[RECORDS PROVIDED — start]

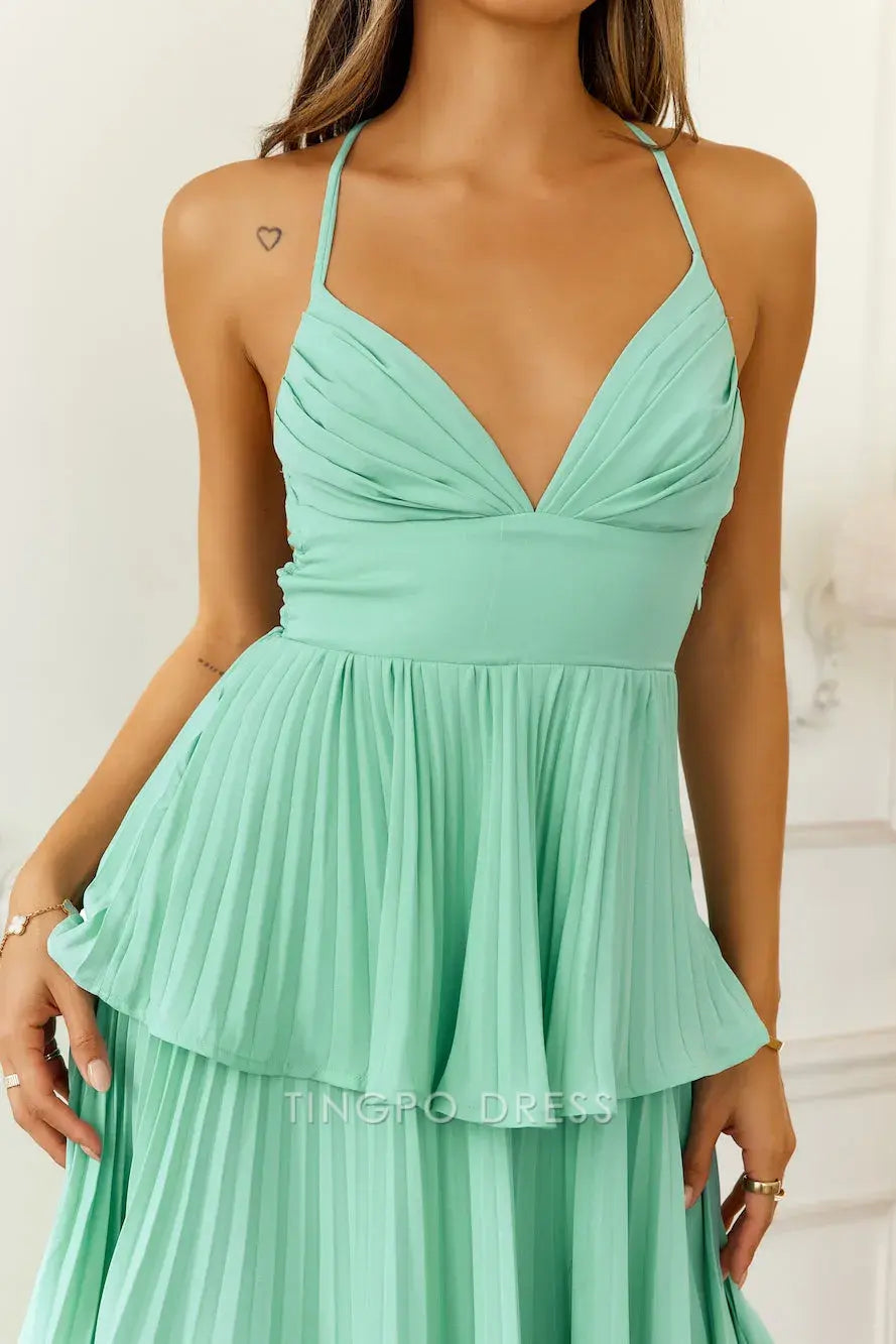 Step into elegance with Tingpo's tiered pleated maxi dress. Featuring a deep V - neckline and a flowing tiered pleated skirt, it also boasts a stylish criss - cross back design with a tie detail for a touch of allure. Available in multiple charming colors, this dress is perfect for weddings, parties,prom, or any special occasion where you want to look effortlessly chic.
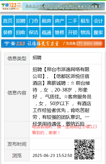 招聘【邢台市派逸网络有限公司】、【信都区派悦住宿酒店】高薪诚聘:☆ 前台接待 ,女 ,20-38岁 ,形象好 , 气质佳。☆客房服务员 ,女, 50岁以下 , 有酒店工作经验者优先,肯吃苦耐劳,有较强的团队意识。一经录用待遇优,缴纳五险 薪资高 待遇好电话:18333955566 杨经理地址:守敬南路与后炉子大街交口西行派e-sports电竞酒店 聘 |
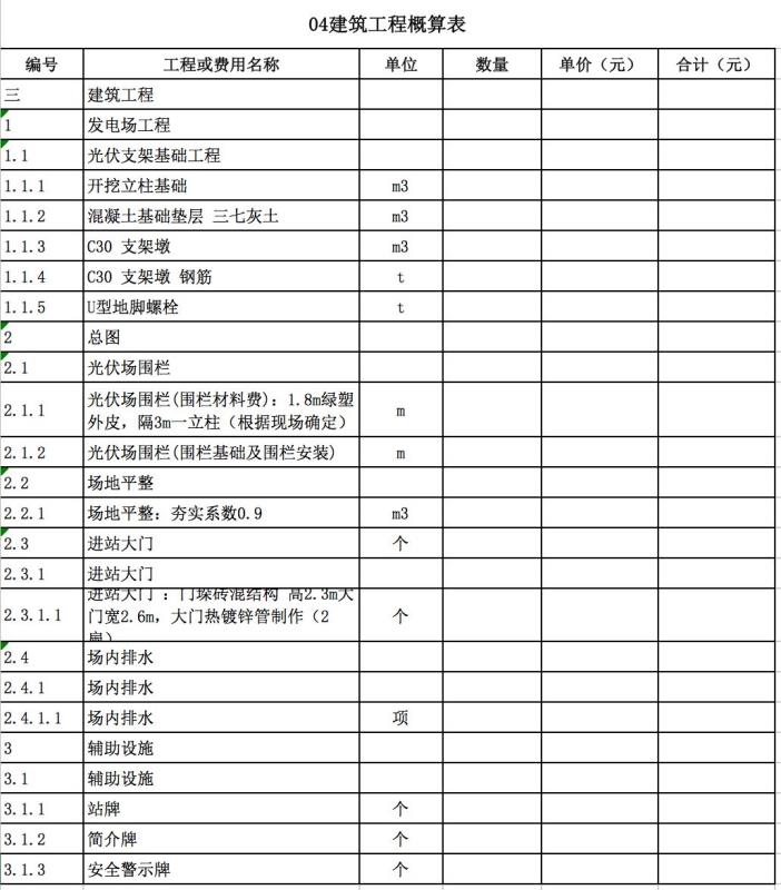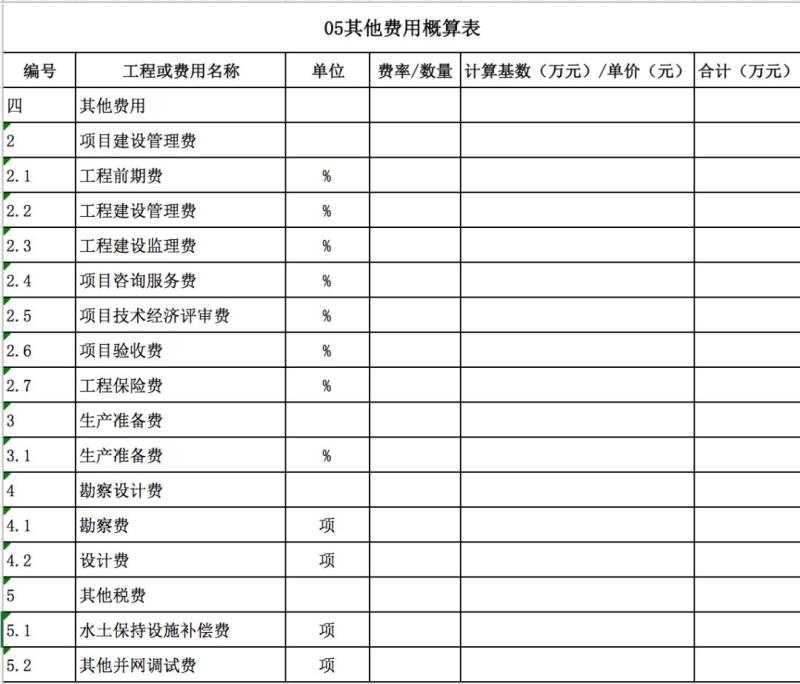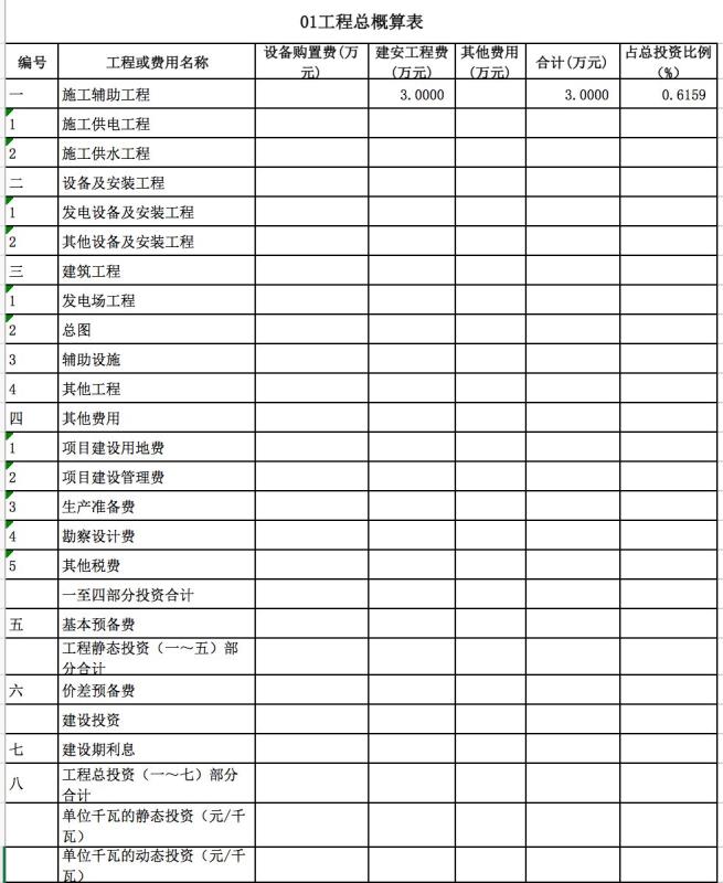 包含:發(fā)電廠區(qū)工程、變電站工程、房屋工程、交通工程等費(fèi)用。如下表所示。
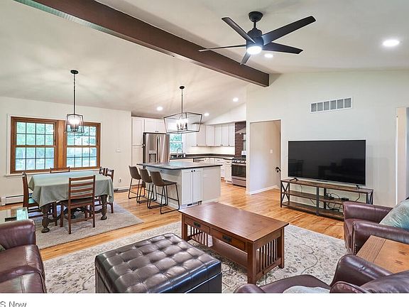 Wonderful 4 level split remodeled! Call to see this fabulous home on a culdesac with many updates. This home has vaulted /beam ceiling in the Great Room. New kitchen with white cabinets and oversized island. The island is 66 x60 with leather granite and great sitting area. The hardwood floors have been refinished in the Great room, Dining and Kitchen. There are newer stainless steel appliance and a commercial range hood. The Swing bath from Master completely remodeled with tub surround, cabinet and tiled floor. Second bath with newer cabinet, counter top and flooring. 3 Spacious bedrooms up with great closet space- all freshly painted and hardwood floors. The family room has a wood burning stove, plus slider leading to patio.The 4th bedroom/den is located off family room with access to second bath. Both rooms have been freshly painted and has new flooring. Roof was a tear off in 22 and windows have also been updated. This home sits on over a half acre with a private treed back yard.
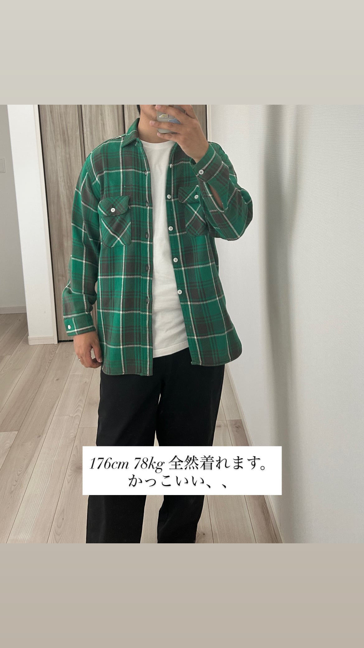前丈が長い着丈で、白の皿ボタンもアクセントになってます。
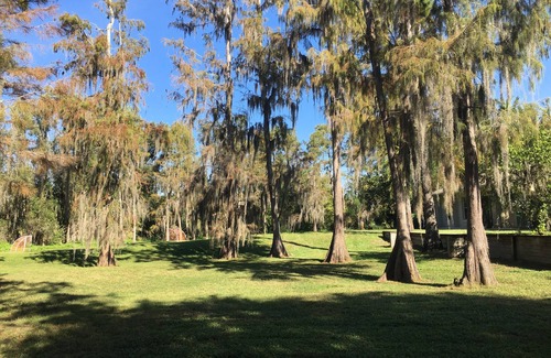 The grounds are beautifully manicured and have many Cypress tress and Orange trees throughout the property.
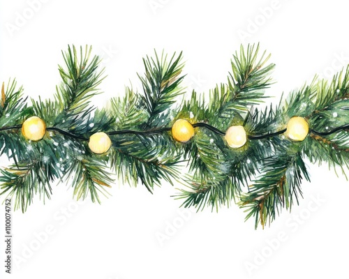 pine, garland, light, green, yellow, white, isolate, background, decor, holiday, shiny, display, winter, season, christmas, eco, design, twinkle, ambience, cosy, shine, hand-made, festive, event
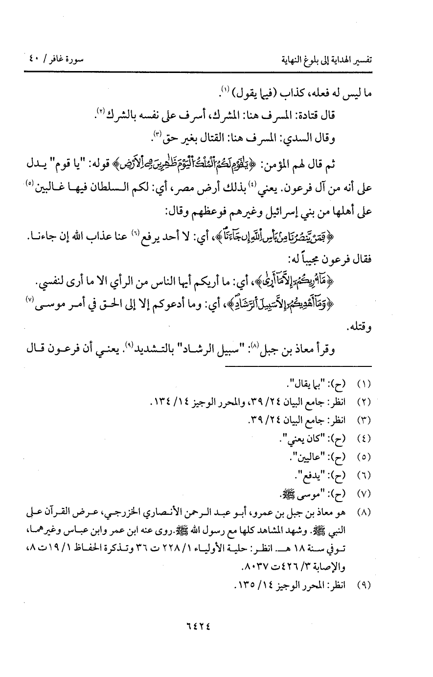 وقرأ معاذ بن جبل: " سبيل الرشاد " بالتشديد. يعني أن فرعون قال
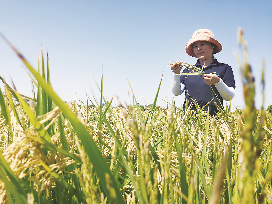 眼下正是丰收季节,位于燕山乡的海上明珠生态园内,科技特派员王士梅望着沉甸甸的稻穗,不由满面笑容——熬过了今夏极端高温干旱天气,节水型抗旱系列水稻品种迎来了丰收。
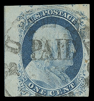 type IV. Large margins except barely in at top, neat face-free "Balt. Paid" double-circle cancel; minor corner creases at top, F.-V.F. appearance. Scott No. 9; $100.
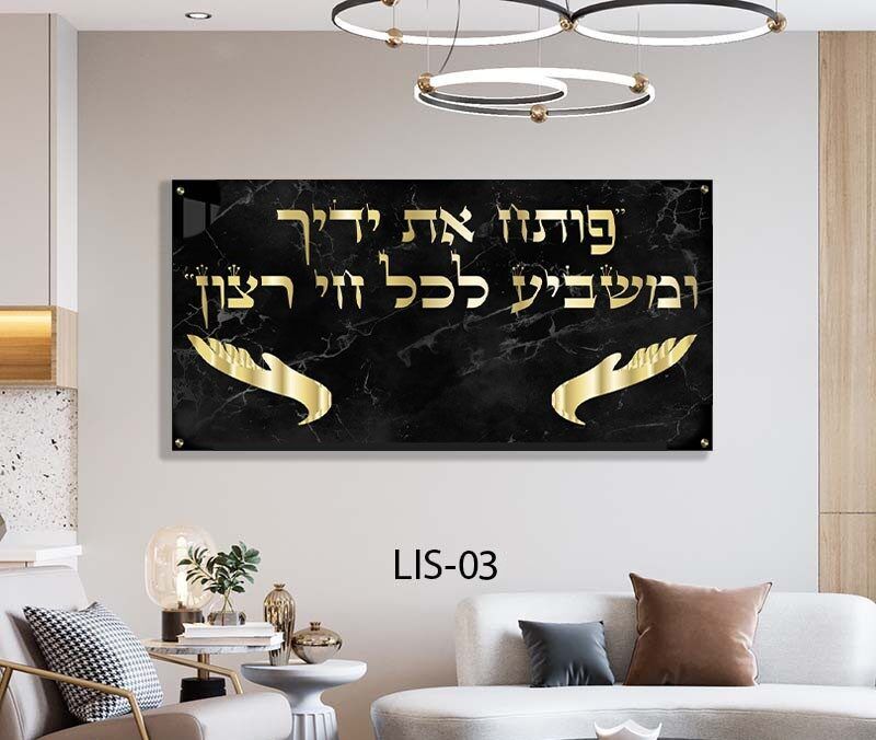 "פותח את ידיך" הוא פסוק המבטא את תלותנו בשפע האלוקי והכרת התודה שלנו. כשפסוק זה מודפס על זכוכית שחורה עם כתב זהב, נוצרת יצירה מעוצבת ורבת עוצמה המשדרת אמונה ואלגנטיות גם יחד.

[RECORDS PROVIDED — finish]

Copy out nothing but the lines from the beginning of the records through the one that contains "包含:發(fā)電廠區(qū". Skip the pictures.

ANSWER SPACE —
 Step into elegance with Tingpo's tiered pleated maxi dress. Featuring a deep V - neckline and a flowing tiered pleated skirt, it also boasts a stylish criss - cross back design with a tie detail for a touch of allure. Available in multiple charming colors, this dress is perfect for weddings, parties,prom, or any special occasion where you want to look effortlessly chic.
 招聘【邢台市派逸网络有限公司】、【信都区派悦住宿酒店】高薪诚聘:☆ 前台接待 ,女 ,20-38岁 ,形象好 , 气质佳。☆客房服务员 ,女, 50岁以下 , 有酒店工作经验者优先,肯吃苦耐劳,有较强的团队意识。一经录用待遇优,缴纳五险 薪资高 待遇好电话:18333955566 杨经理地址:守敬南路与后炉子大街交口西行派e-sports电竞酒店 聘 |
 包含:發(fā)電廠區(qū)工程、變電站工程、房屋工程、交通工程等費(fèi)用。如下表所示。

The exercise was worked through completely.